Michael Hinshaw, CEO of McorpCX describes this the “Era of Smart Customers”. He says, “Smart customers are customers that leverage digital devices to access information, anywhere and anytime. What that means is the power in the relationship between companies and customers is in the process of shifting.”
Customer-centricity is one of the driving factors for Digital Transformation. To be customer-centric, companies need to bring together people, processes and systems from across the company, especially sales, marketing, customer service. If your company is acting in silos across these areas, customers will see it and move on if they can.
The article, linked below, provides a good overall description of the challenges in becoming customer-centric. Some key steps to take to overcome these challenges include the following:
- Define ownership for becoming customer-centric. This could mean appointing a Chief Customer Officer, setting up a steering committee, or some other organizational technique.
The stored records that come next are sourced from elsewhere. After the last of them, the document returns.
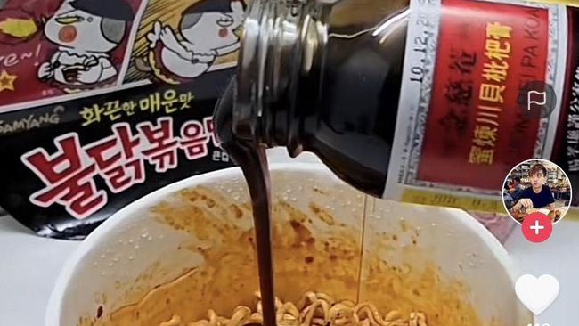 "Mie pedas Korea dengan Pi Pa Gao, rasanya lebih pedas!" tulis keterangan pria itu dalam video TikTok-nya.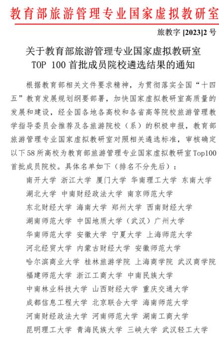 122cc太阳成集团官网入选教育部旅游管理专业国家虚拟教研室TOP100成员院校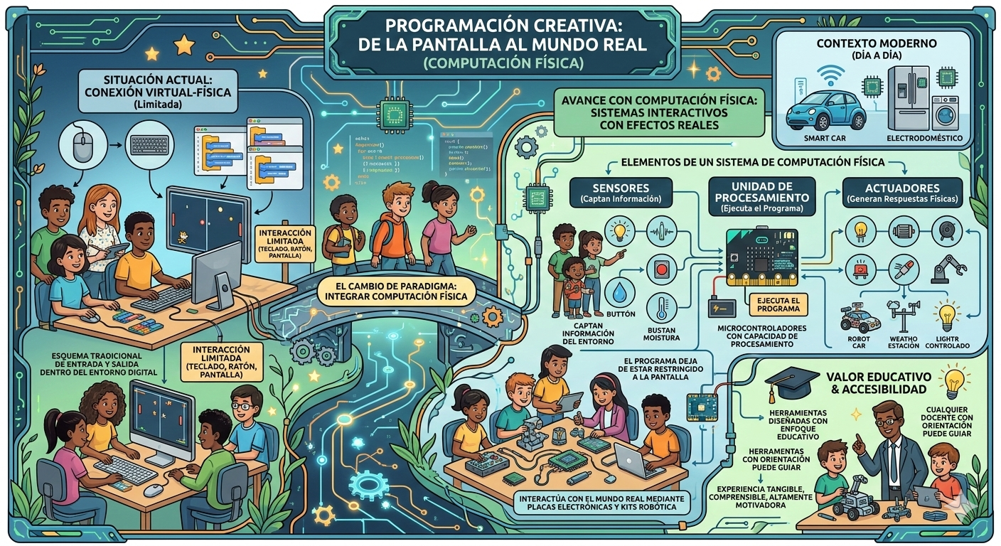 En educación, este contexto favorece el trabajo con computación física mediante placas electrónicas y kits de robótica que permiten crear sistemas con efectos reales. Todo sistema de este tipo se basa en tres elementos: una unidad de procesamiento que ejecuta el programa, sensores que captan información del entorno y actuadores que generan respuestas físicas.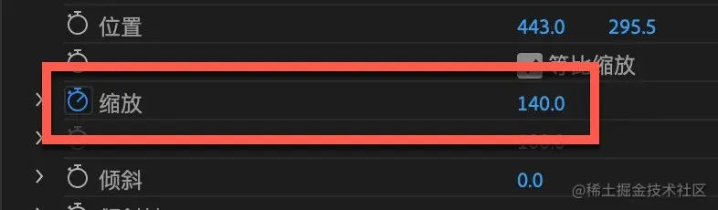 继续将时间线向后移动6帧,将缩放的参数调整为140%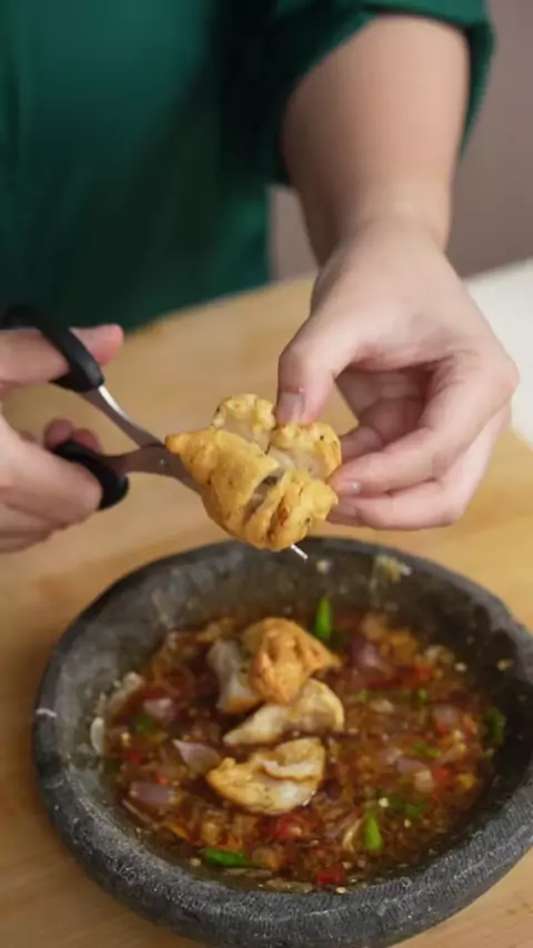 Siapa suka baso goreng? Tapi pernah ga cobain baso goreng dikasi kuah tahu gejrot? Sebenernya tipsnya cuma satu, bakso gorengnya harus garing dan biasa aku bikinnya pake tepung sagu tani super. Cobain deh bikin! bahan baso goreng : - Fillet paha ayam 250gr - Bawang putih 3 siung - Garam 1sdt - Kaldu bubuk 1 sdt - Baking powder 1/2sdt - Lada bubuk 1/2sdt - Telor 1 - Tepung @Kuya Kuya Super 170gr - Es btu 100gr - Minyak Wijen Bahan kuah tahu gejrot : - 250ml air - 1 sdm asam jawa - 1 gula mer...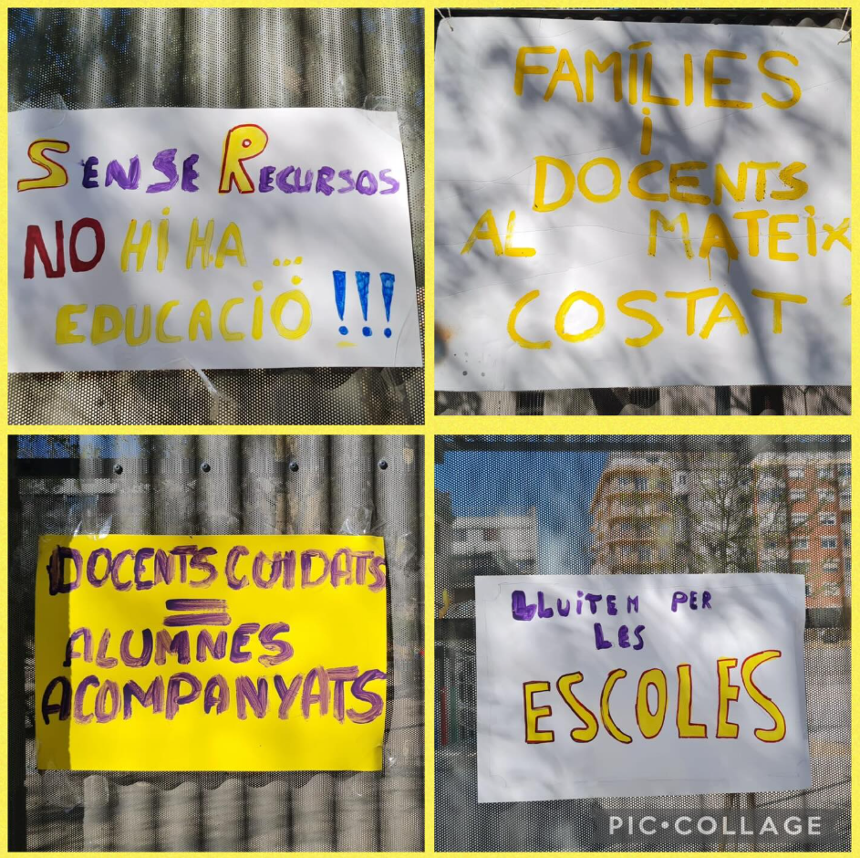 Divendres 20 vam sortir al carrer famílies, docents i alumnes per defensar l’educació pública. Aquestes pancartes les vam fer amb il·lusió, però també amb preocupació pel futur de l’escola.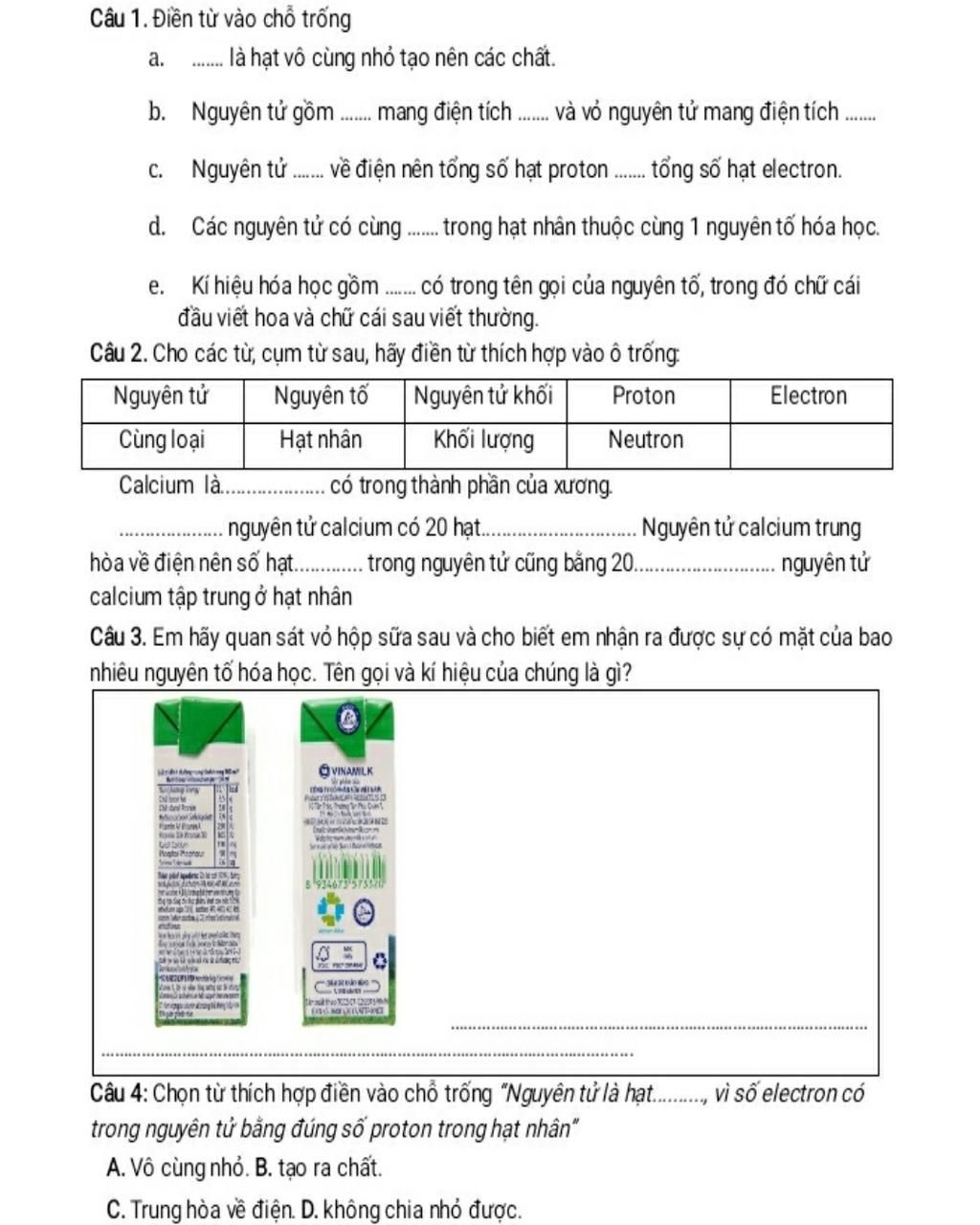a. Nguyên tử là hạt vô cùng nhỏ tạo nên các chất.

- Define metrics and continually measure how you are doing. Start with a baseline, set targets and hold people accountable to meet the targets.
- Refine and coordinate across the business where it affects the customer. We might call this Digital Transformation, but it goes beyond the ‘digital’ part. It is really about transforming culture and operations as well as the systems.
- Connect with your customer. Get feedback, encourage honest dialog about what you do and don’t do right.